Every defense counsel -- trial or appellate -- who reads Simon should vow, "Never again!" The hallmark of being a defense counsel is total dedication to the client. The trial defense counsel must continue representation until the appellate defense counsel takes over the case. And the appellate defense counsel must REPRESENT THE PERSON, not simply PROCESS THE RECORD. And trial defense counsel and appellate defense counsel must adopt a SYSTEM to ensure that no one falls through the cracks, like poor Private Simon.

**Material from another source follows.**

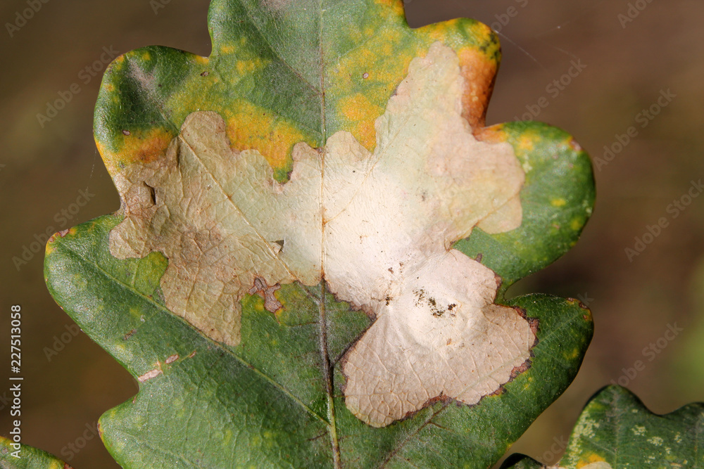 Leaf mine of Tischerid moth or Tischeria ekebladella on leaf of European oak or Quercus robur
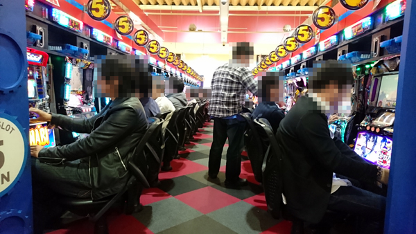 充実した機種ラインナップの5円パチスロも人気。こちらも空台を探すのが大変なほどの盛り上がりを見せていた。

CAAF (then CMA) called this to everyone's attention almost three decades ago. In Palenius, the court announced that "the prevailing practice among some trial defense attorneys of ceasing all activity on behalf of their clients and, in effect, terminating the relationship of attorney and client without the permission of their clients or of the courts can no longer be countenanced." 2 M.J. at 93. Yet almost thirty years after Judge Perry wrote those words, that practice remains if not prevailing, then certainly common. CMA continued, "The trial defense attorney can with honor and should maintain the attorney-client relationship with his client subsequent to the finding of guilty while performing the duties we set forth today until substitute trial counsel or appellate counsel have been properly designated and have commenced the performance of their duties, thus rendering further representation by the original trial defense attorney or those properly substituted in his place unnecessary." Id. If you are a military defense -- trial or appellate -- I implore you to go read Palenius RIGHT NOW. Then recommit yourself to following its dictates. Then implement a system for trial and appellate defense counsel to have CONTACT relief. Think of the client as a baton in a relay race. You have to pass him (or her) from one counsel to the other, without ever allowing the client to slip from one of your grasps. It is the right thing to do. It is ethically required. It is legally required. And it will avoid embarrassments like United States v. Simon. A system of contact relief would also let the counsel know that a case is overdue. If a trial defense counsel hasn't heard from an appellate defense counsel within a reasonable amount of time after the CA's action, then the trial defense counsel would know something is amiss. And if the appellate defense counsel doesn't receive the record within a reasonable amount of time, then the appellate defense counsel will know something is amiss. That isn't the way we operate now. But it should be.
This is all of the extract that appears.